A creditable show for the Congress would hopefully quell talk that the party is past its sell-by date. Though a shadow of the past, Congress still remains the second-largest party in the country. It secured some 20 percent of the popular votes nationally compared to BJP’s 38 percent in the 2019 polls, and it is very likely that opposition efforts to unseat Modi in 2024 would come a cropper minus the Congress.
Modi is acutely aware that if the BJP does badly in this round of elections – touted as the semi-finals to the 2024 parliamentary polls - the opposition would double its efforts to forge a coalition with a rejuvenated Congress playing a critical, if not pivotal, role.
Politics is largely about perceptions and Modi, a hard-nosed politician, does not wish to appear weak by yielding any ground.
His party is out of the reckoning in Punjab, primarily because of unpopular farm laws that his government attempted to push through despite vehement opposition from the state’s farmers. Though the farmers ultimately won and Modi was compelled to take back the laws, the BJP’s popularity is yet to recover in the state.
But Modi and his party expect to do much better in the other four states. They hold power in all these states, including Goa and Manipur where the party actually lost last time, but still managed to retain power by engineering defections from other parties.
Winning them again would further burnish BJP’s image as invincible. It claims to be the world’s largest political party and undoubtedly boasts of a ruthless election machinery. Helped by Modi’s personality and the promise of bettering lives, it resoundingly won two successive national elections – first in 2014 and then again in 2019.
But the party’s track record has been patchy in state elections, with local leaders and regional issues often taking centre stage. It won in the northeastern state of Assam, but has lost in crucial states such as Maharashtra. It famously lost to a regional outfit in the state of West Bengal last year.
Success is not guaranteed this time either.
Particularly bruising and bitterly contested would be the battle for Uttar Pradesh – the biggest prize at stake. Almost as big in size as the United Kingdom, Uttar Pradesh is India’s most populous state and accounts for 80 of the country’s 543 parliamentary seats.
Considered a bellwether state, the verdict in Uttar Pradesh could well be reflective of the nation’s current mood.

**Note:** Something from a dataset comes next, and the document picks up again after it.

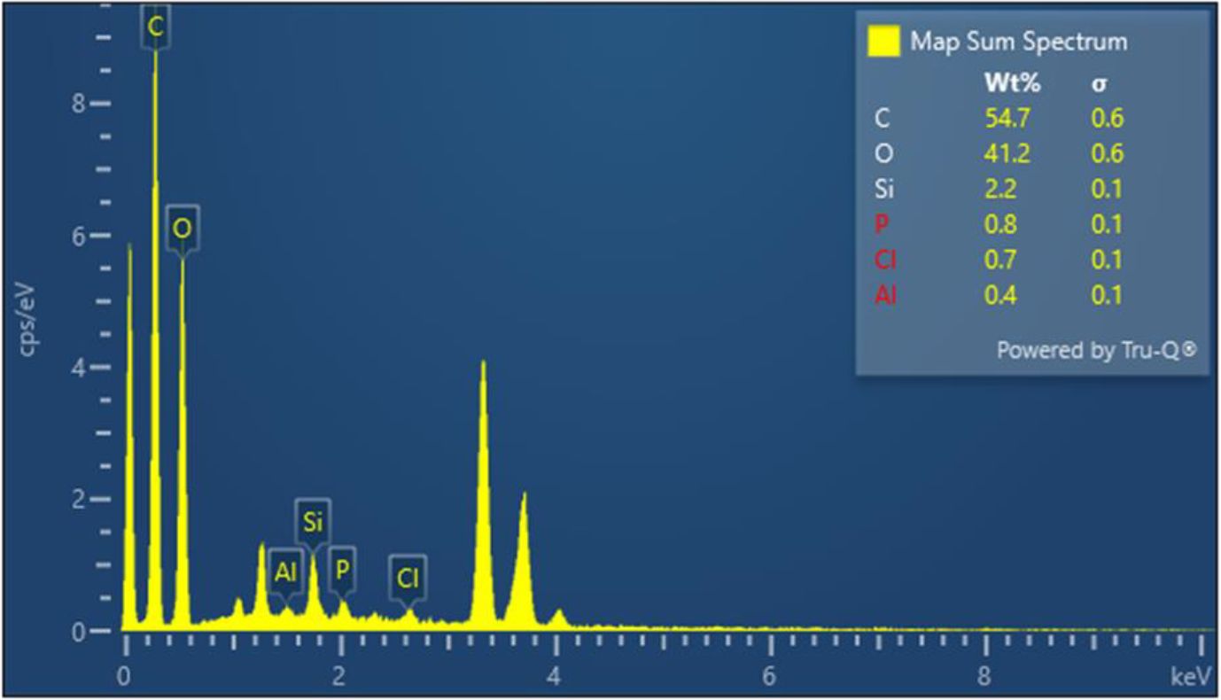 The elemental composition of the WS biochar was determined using Energy Dispersive X-ray Spectroscopy (EDX) coupled with SEM. The EDX spectrum (Figure 2) revealed distinct peaks corresponding to major elements: Carbon (C: 54.7%) and Oxygen (O: 41.2%). Minor/trace elements include Silicon (Si), Potassium (K), Calcium (Ca), Chlorine (Cl), and Aluminum (Al). The high carbon content (54.7%) confirms effective carbonization during pyrolysis, while the moderate oxygen content (41.2%) suggests retention of oxygenated functional groups (e.g., carboxyl, hydroxyl). This composition aligns with typical lignocellulosic biochars, where C% >50% indicates successful conversion of biomass into stable carbon matrices (Lehmann et al., 2011). O% ~40% reflects partial oxidation or inherent biomass lignin-oxygen bonds.

The state is currently administered by the BJP’s self-styled Hindu monk Yogi Adityanath, known for his authoritarian style. But few can predict with authority the possible electoral outcome in the state.
Adityanath – BJP’s poster boy of Hindu nationalism – has been a divisive figure despite his loud claims of having brought unprecedented development to the state. He has been under fire for mismanagement resulting in large-scale deaths during the coronavirus pandemic and for constantly seeking to communalise the state.

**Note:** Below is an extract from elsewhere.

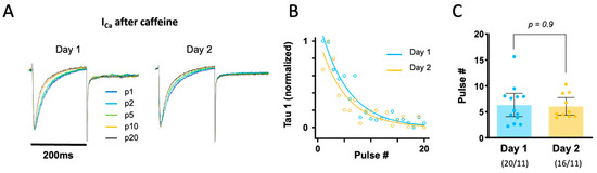 To determine the time course of calcium reuptake by the SR after the first exposure to caffeine, we measured the time constant for fast ICa inactivation (tau-1), which is inversely proportional to SR calcium loading. Figure 4A shows superimposed ICa recordings elicited by the 20 stimulation pulses used to reload the SR. Notice that the first ICa trace (when the SR is empty) has a slower inactivation than trace #20 (when the SR has been reloaded). Figure 4B compares the pulse-dependent change in tau-1 in representative myocytes from Day 1 and Day 2. Data in Figure 4B were fitted with an exponentially decaying function in order to estimate the number of stimulation pulses necessary to achieve half-maximal recovery of tau-1. Tau-1 values are shown in Figure 4C. On average, six pulses were required to achieve half-maximal recovery of tau-1, which was 24.4 ± 2.2 ms for Day 1 and 24.7 ± 2.2 ms for Day 2 (p = 0.9). Again, there were no significant differences between Day 1 and Day 2.

The opposition hopes to capitalise on grassroot anger to turn the tables on the BJP. They are also hoping that India’s sluggish economy, rising unemployment and runaway fuel prices would by now have robbed Modi much of his sheen.
Everyone expects the electoral contest to be close. And as the Indian Express newspaper summed it up recently, March 10 will be the day of reckoning for both the BJP and the opposition.